It is not every day that Yale medical students come away from a learning event with hoots, hollers, and high fives, but that was the scene at Yale Urology’s recent surgical skills fair, which drew a record number of participants. The annual event is a staff, student, resident, and faculty favorite and provides hands-on learning for everything from gown/glove donning and suturing to Foley placements and ureteroscope navigation challenges.
“We’re quite a multidisciplinary field and this is a great opportunity to showcase that,” said Piruz Motamedinia, MD, residency program director. “There are many diagnoses that overlap with us. Even if these students don’t go into urology, it’s good for them to be familiar with the specialty.”
The exposure can be convincing. Fola Laditi, a fourth-year medical student at Yale, remembers first coming to the event three years ago. He admits at the time it was an afterthought. He registered for the event late, in fact. But as soon as he made it to the first interactive station, he describes a warm, inclusive, and enthusiastic environment. “It’s definitely what helped me pick urology as my subspecialty for my surgery clerkship … The faculty and residents made me feel a part of the team, even as a med student.” Today, Laditi is an officer for Yale’s urology student interest group and hopes to match into a urology residency program in the coming months.
That is music to many ears, particularly Yale Urology’s leader. Professor and Chair Isaac Y. Kim, MD, PhD, MBA, opened the event by explaining his steadfast support of this kind of education initiative. “My personal mission is to train as many surgeon-scientists as possible.” And the key to building interest in urology is building interest in surgery. Several took the bait.
“My biggest takeaway?” answered first-year med student Karthik Chetlapalli, “I didn’t realize minimally invasive and robotic surgery were such a big part of urology.”
“I was anti-surgery coming into school,” said Elena Wilson, also a first-year med student. “But I’ve done some shadowing with urology … It’s great to see the breadth of the field.”

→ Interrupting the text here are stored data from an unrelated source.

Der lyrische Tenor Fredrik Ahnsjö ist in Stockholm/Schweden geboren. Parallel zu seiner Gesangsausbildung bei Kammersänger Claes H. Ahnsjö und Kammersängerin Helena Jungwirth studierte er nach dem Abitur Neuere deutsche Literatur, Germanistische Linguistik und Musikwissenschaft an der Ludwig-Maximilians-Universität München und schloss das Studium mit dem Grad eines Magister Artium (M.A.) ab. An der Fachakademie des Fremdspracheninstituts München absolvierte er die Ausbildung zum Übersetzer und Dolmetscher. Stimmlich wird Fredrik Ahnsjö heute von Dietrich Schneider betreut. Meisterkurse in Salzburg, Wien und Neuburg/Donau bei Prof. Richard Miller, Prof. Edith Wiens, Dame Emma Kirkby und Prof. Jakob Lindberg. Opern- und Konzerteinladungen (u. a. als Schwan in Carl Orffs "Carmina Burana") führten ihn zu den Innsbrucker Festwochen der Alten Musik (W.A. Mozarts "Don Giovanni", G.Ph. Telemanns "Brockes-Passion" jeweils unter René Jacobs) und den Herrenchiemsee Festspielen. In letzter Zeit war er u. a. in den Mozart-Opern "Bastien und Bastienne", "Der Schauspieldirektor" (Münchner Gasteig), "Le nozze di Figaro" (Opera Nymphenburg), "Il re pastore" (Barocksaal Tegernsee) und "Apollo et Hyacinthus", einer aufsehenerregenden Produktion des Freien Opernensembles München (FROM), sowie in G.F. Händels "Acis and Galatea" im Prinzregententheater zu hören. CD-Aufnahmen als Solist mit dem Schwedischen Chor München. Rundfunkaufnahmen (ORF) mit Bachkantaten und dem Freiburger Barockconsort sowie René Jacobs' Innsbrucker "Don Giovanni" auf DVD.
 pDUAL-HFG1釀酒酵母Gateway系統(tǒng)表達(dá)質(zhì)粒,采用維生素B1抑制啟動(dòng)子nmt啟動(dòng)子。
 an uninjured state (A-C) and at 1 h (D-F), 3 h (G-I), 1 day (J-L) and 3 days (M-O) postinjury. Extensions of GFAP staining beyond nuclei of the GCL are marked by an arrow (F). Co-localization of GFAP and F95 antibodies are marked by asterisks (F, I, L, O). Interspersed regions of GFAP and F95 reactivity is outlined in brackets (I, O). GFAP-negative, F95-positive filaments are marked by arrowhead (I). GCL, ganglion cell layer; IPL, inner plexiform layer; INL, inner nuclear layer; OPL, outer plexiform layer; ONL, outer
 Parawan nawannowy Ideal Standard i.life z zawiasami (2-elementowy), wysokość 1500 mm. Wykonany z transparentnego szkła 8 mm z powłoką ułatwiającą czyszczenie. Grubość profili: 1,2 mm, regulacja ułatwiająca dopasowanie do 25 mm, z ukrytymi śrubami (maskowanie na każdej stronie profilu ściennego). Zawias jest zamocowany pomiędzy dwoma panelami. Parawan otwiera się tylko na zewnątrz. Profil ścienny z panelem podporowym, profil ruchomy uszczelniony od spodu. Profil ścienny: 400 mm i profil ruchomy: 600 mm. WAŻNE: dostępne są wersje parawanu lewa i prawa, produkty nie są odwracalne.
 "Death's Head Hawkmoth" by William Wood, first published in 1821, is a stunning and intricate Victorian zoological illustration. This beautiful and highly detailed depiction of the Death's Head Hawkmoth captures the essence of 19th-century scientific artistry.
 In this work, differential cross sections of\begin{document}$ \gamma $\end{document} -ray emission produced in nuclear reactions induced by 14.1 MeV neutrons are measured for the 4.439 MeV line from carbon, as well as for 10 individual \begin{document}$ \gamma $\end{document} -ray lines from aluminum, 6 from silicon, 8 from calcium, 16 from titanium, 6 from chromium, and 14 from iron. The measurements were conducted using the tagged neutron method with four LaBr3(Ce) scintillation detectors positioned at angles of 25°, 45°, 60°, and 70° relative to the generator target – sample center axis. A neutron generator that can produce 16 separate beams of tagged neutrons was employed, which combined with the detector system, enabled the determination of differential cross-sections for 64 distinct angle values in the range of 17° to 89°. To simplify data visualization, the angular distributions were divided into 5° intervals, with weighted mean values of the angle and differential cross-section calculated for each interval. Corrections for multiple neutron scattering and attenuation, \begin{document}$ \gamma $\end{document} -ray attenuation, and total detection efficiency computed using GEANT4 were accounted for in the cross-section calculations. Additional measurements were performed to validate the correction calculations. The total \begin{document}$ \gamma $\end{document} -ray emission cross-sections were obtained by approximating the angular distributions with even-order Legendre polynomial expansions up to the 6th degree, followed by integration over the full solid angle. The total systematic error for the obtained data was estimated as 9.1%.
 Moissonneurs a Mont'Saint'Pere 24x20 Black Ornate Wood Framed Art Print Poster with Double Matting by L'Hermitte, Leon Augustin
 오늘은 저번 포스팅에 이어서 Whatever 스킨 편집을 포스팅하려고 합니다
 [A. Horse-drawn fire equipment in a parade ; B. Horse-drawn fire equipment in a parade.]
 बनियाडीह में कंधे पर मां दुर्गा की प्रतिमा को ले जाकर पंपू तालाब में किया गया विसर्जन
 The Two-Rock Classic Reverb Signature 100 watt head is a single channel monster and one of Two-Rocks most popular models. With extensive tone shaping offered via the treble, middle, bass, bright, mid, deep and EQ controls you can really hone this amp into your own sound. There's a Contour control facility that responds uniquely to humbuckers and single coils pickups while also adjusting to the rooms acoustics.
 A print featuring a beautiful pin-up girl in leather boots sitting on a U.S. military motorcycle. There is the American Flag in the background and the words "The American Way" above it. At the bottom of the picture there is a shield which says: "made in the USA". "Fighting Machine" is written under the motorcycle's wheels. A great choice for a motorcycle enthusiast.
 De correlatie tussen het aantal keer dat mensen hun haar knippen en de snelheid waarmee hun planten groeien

Immersion at the interactive booths and spontaneous networking with faculty and residents sparked further discovery. Allison Law, first-year med student, said she was surprised to learn female urology was part of the discipline. Katherine Rotker, MD, who had a penile prosthesis at her station, said many students were “amazed” the prosthesis is a common treatment for erectile dysfunction and Peyronie’s disease.
Second-year med student Hale Jaeger noted that urology is great at helping connect the dots. “I think many of us were drawn here because we’re learning skills that are really generalizable.”
Faculty discover, as well. “I’m reminded how much we take for granted,” said Thomas Buckley, MD, who led one of the suturing stations. “So many little steps of our surgeries—our care—are routine. I don’t even think about it,” he said. “Events like this help remind me to break things down so I can teach them to others.”
Even residents got in on the action and found that being on the teaching end for a change can be quite refreshing. “I love this,” said PGY-4 Amir Khan, MD. “It’s great to see the enthusiasm. Seeing others excited about what you’re excited about never gets old!”